The first Court of Appeals opinions in one of the post-Lucia Social Security cases was Cirko v. Commissioner, a Third Circuit case, last November. Social Security lost. The Court held that the issue could be raised for the first time on appeal in the U.S. District Court.
We now have three newer opinions from Courts of Appeals. In Carr v. Commissioner, the Tenth Circuit held on June 15, 2020 that the Court could not consider the Lucia issue since it had not been raised administratively. In Davis v. Saul, the Eight Circuit held the same way on June 26, 2020. However, in Ramsey v. Commissioner, the Sixth Circuit held on September 1 that the issue could be considered even though it had not been raised administratively. There are cases pending in other Courts of Appeals as well.
The claimants in the Carr and Davis cases have asked that the Supreme Court review their cases. The Court doesn't have to do so but since there's disagreement among the Circuits, the Court probably will agree to hear the cases.

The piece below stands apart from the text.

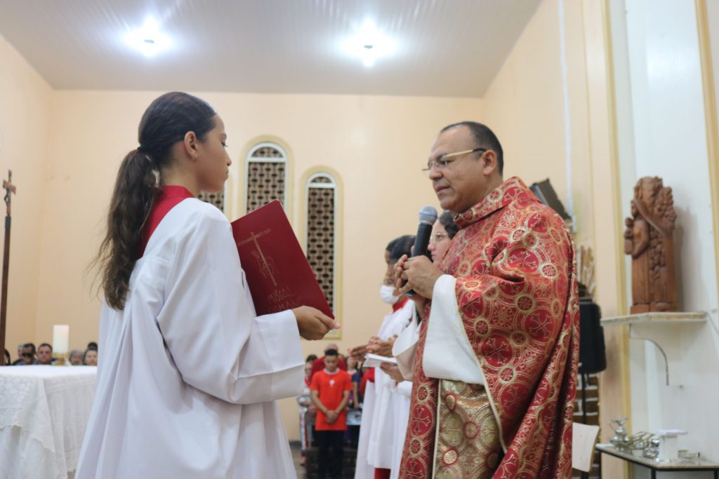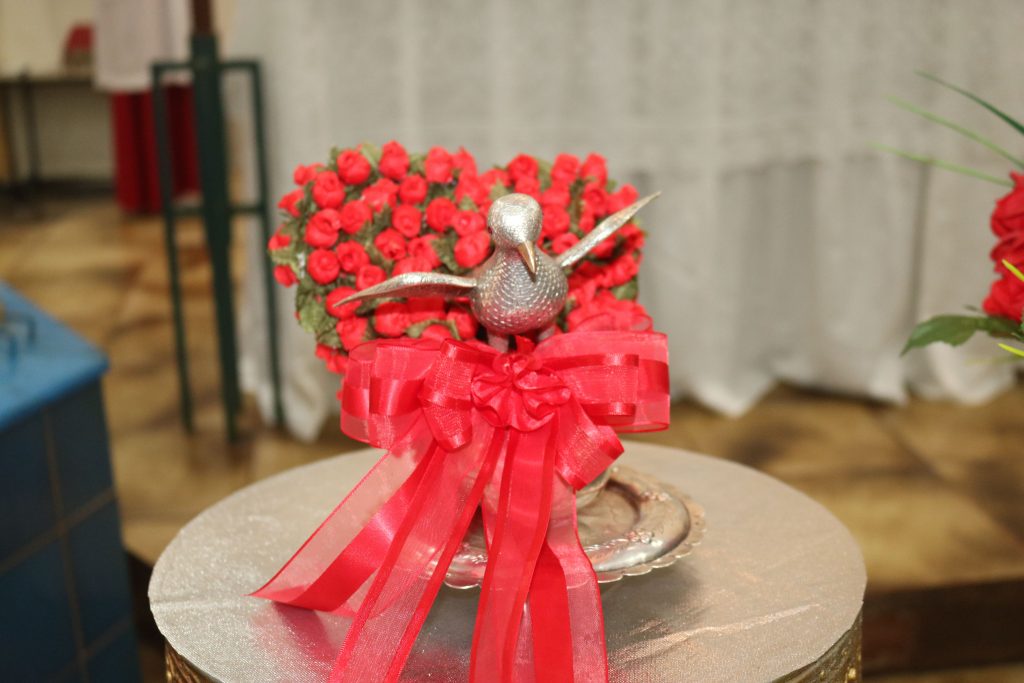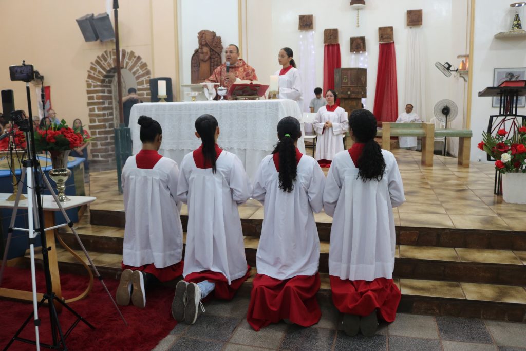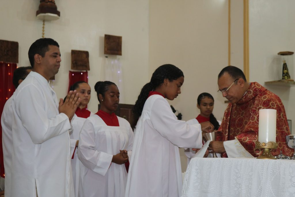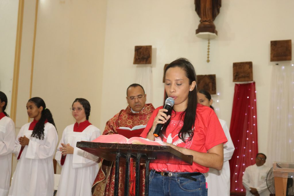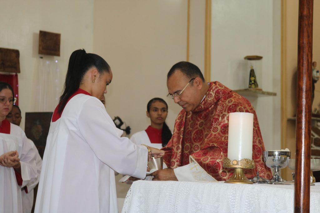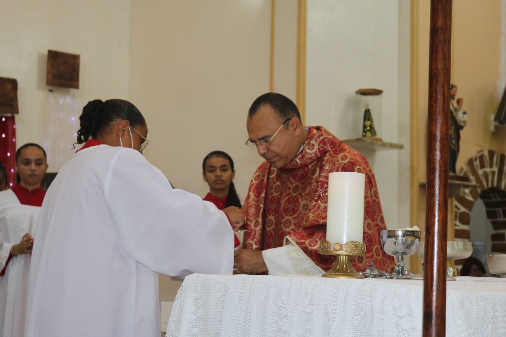 Após a comunhão, a alegria se fez presente com os parabéns entoados para Kaline, aniversariante do dia. Em seguida, um testemunho emocionante da senhora Maria ressoou pelos corredores, compartilhando a graça alcançada através da intercessão do Divino Espírito Santo.

Note that a Supreme Court opinion on this issue may have implications for the litigation over the constitutionality of the position of Social Security Commissioner brought about by the Supreme Court opinion in Seila Law v. CFPB. The Social Security Administration is trying very hard to pretend this issue doesn't even exist but it does and it will be litigated. Probably, it's already being litigated. I think it's irresponsible that Andrew Saul is still carrying out the role of Commissioner of Social Security. The attitude that Seila Law doesn't apply to Social Security seems to be based upon the assumption that because Seila Law was only about the Administration's desire to knock down the Consumer Financial Protection Bureau, which they hate, that other agencies that they don't hate (or don't want to admit to hating) won't be affected. That assumes that the majority of the Supreme Court was just as cynical as they are and was only using a constitutional justification to harass an agency that the Court's majority hates as much as they do. That's not a safe assumption. As a lawyer, you may safely assume that your adversary is as cynical as you are but you should never assume that about a Court. Result oriented, maybe, but cynical, no. There is a distinction. But maybe I'm being too harsh. Another possibility is that those involved don't really care what the Supreme Court ultimately does about the Social Security Commissioner position because they expect to be out of office long before the Court can take up the issue. I guess that's just a different form of cynicism, however.